Query Capabilites: XPath vs TONL Query
XML gave us XPath, a powerful language for selecting nodes. TONL gives us a native Query API.
| Task | XPath (XML) | TONL Query |
|---|---|---|
| Select ID | /customer/id | customer.id |
| Filter List | //order[total>100] | orders[?(@.total > 100)] |
| Get Attribute | /item/@sku | item.sku |
TONL's query syntax is closer to JavaScript/JSONPath, making it intuitive for modern developers, whereas XPath has a steep learning curve.
Schema Validation: XSD vs TSL
XSD (XML Schema Definition) is notoriously complex. It is XML describing XML.
<xs:element name="age">
<xs:simpleType>
<xs:restriction base="xs:integer">
<xs:minInclusive value="0"/>
<xs:maxInclusive value="120"/>
</xs:restriction>
</xs:simpleType>
</xs:element>It takes 8 lines to say "Age is an integer between 0 and 120."
TSL (TONL Schema Language) is human-readable.
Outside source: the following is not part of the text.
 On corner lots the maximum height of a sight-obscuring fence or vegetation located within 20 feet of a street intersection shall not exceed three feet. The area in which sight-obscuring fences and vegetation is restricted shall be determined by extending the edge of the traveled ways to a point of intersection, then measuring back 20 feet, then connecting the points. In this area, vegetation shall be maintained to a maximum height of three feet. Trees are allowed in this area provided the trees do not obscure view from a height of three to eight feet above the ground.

age: u8 min:0 max:120One line. This simplicity encourages developers to actually write schemas, rather than skipping them because XSD is too hard.
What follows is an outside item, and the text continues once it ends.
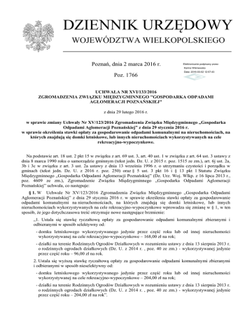 DZIENNIK URZĘDOWY WOJEWÓDZTWA WIELKOPOLSKIEGO Poznań, dnia 2 marca 2016 r. Elektronicznie podpisany przez: Karina Wiśniewska Poz. 1766 Data: 2016-03-02 12:57:43 UCHWAŁA NR XVI/133/2016 ZGROMADZENIA ZWIĄZKU MIĘDZYGMINNEGO "GOSPODARKA ODPADAMI AGLOMERACJI POZNAŃSKIEJ" z dnia 29 lutego 2016 r. w sprawie zmiany Uchwały Nr XV/123/2016 Zgromadzenia Związku Międzygminnego „Gospodarka Odpadami Aglomeracji Poznańskiej” z dnia 29 stycznia 2016 r. w sprawie określenia stawki opłaty za gospodarowanie odpadami komunalnymi na nieruchomościach, na których znajdują się domki letniskowe, lub innych nieruchomościach wykorzystywanych na cele rekreacyjno-wypoczynkowe. Na podstawie art. 18 ust. 2 pkt 15 w związku z art. 69 ust. 3, art. 40 ust. 1 w związku z art. 64 ust. 3 ustawy z dnia 8 marca 1990 roku o samorządzie gminnym (tekst jedn. Dz. U. z 2015 r. poz. 1515 ze zm.), art. 6j ust. 2a, 3b i 3c w związku z art. 3 ust. 2a ustawy z dnia 13 września 1996 r. o utrzymaniu czystości i porządku w gminach (tekst jedn. Dz. U. z 2016 r. poz. 250) oraz § 5 ust. 3 pkt 16 i § 13 pkt 1 Statutu Związku Międzygminnego „Gospodarka Odpadami Aglomeracji Poznańskiej” (Dz. Urz. Woj. Wlkp. z 16 lipca 2013 r., poz. 4609 ze zm.), Zgromadzenie Związku Międzygminnego „Gospodarka Odpadami Aglomeracji Poznańskiej” uchwala, co następuje: § 1. W Uchwale Nr XV/123/2016 Zgromadzenia Związku Międzygminnego „Gospodarka Odpadami Aglomeracji Poznańskiej” z dnia 29 stycznia 2016 r. w sprawie określenia stawki opłaty za gospodarowanie odpadami komunalnymi na nieruchomościach, na których znajdują się domki letniskowe, lub innych nieruchomościach wykorzystywanych na cele rekreacyjno-wypoczynkowe wprowadza się zmianę w § 1, w ten sposób, że jego dotychczasowa treść otrzymuje nowe następujące brzmienie: „1. Ustala się stawkę ryczałtową opłaty za gospodarowanie odpadami komunalnymi zbieranymi i odbieranymi w sposób selektywny od: - domku letniskowego wykorzystywanego jedynie przez część roku lub od innej nieruchomości wykorzystywanej na cele rekreacyjno-wypoczynkowe – 168,00 zł na rok; - działki na terenie Rodzinnych Ogrodów Działkowych w rozumieniu ustawy z dnia 13 sierpnia 2013 r. o rodzinnych ogrodach działkowych (Dz. U. z 2014 r. , poz. 40 ze zm.) - wykorzystywanej jedynie przez część roku – 96,00 zł na rok. 2. Ustala się wyższą stawkę ryczałtową opłaty za gospodarowanie odpadami komunalnymi zbieranymi i odbieranymi w sposób nieselektywny od: - domku letniskowego wykorzystywanego jedynie przez część roku lub od innej nieruchomości wykorzystywanej na cele rekreacyjno-wypoczynkowe – 204,00 zł na rok; - działki na terenie Rodzinnych Ogrodów Działkowych w rozumieniu ustawy z dnia 13 sierpnia 2013 r. o rodzinnych ogrodach działkowych (Dz. U. z 2014 r. , poz. 40 ze zm.) - wykorzystywanej jedynie przez część roku – 204,00 zł na rok”. Dziennik Urzędowy Województwa Wielkopolskiego –2– Poz. 1766 § 2. Wykonanie uchwały powierza się Zarządowi Związku Międzygminnego „Gospodarka Odpadami Aglomeracji Poznańskiej”. § 3. Uchwała wchodzi w życie po upływie 14 dni od dnia jej ogłoszenia w Dzienniku Urzędowym Województwa Wielkopolskiego. Przewodniczący Zgromadzenia Związku Międzygminnego "Gospodarka Odpadami Aglomeracji Poznańskiej" (-) Marian Szkudlarek

Security: The XXE Nightmare
XML has a dangerous feature: External Entity Expansion (XXE).
<!DOCTYPE foo [ <!ENTITY xxe SYSTEM "file:///etc/passwd"> ]>
<foo>&xxe;</foo>If a naive XML parser reads this, it will substitute `&xxe;` with the contents of your server's password file. This has been a top OWASP vulnerability for years.
TONL is Secure by Design. It does not support external entity loading or DTDs. You can parse untrusted TONL safely.
Attributes vs Elements vs Props
XML developers always argued: "Should ID be an attribute `<user id="1">` or an element `<user><id>1</id></user>`?"
TONL resolves this ambiguity. Everything is a Field.
user:
id: 1
name: AliceThere is no distinction between "metadata" and "data". This simplifies the mental model for both humans and AI.
Token Economics: The 69% Reduction
The savings when moving from XML to TONL are massive because:
- No Closing Tags: Saves 50% of structure tokens.
- No Brackets: `<` and `>` are gone.
- No Quotes for Numbers: XML often quotes attributes `count="10"`. TONL uses `count: 10`.
| Dataset | XML Tokens | TONL Tokens | Savings |
|---|---|---|---|
| SOAP Envelope | 850 | 280 | 67% |
| E-Commerce Feed | 15,000 | 4,650 | 69% |
Use Cases
When to stick with XML
Legacy Integration.If you are connecting to a bank mainframe, a healthcare system (HL7 v3), or an old SOAP API, you have no choice. The world runs on legacy XML.
When to switch to TONL
Modern Enterprise Data Platform.If you want the strictness of XML (Schemas, Types, Validation) but you are building for the API Economy and AI, TONL is the upgrade.
It gives you the "Peace of Mind" of XML without the "Pain of Parsing."
Conclusion
XML was the right technology for the 2000s, where CPU cycles were cheap and bandwidth was the bottleneck (ironically, XML compression is good).
In the 2020s, Context Window is the bottleneck. Every token you feed an LLM costs money and reduces what else it can remember. TONL respects this constraint.
Retire your angle brackets. Adopt indentation.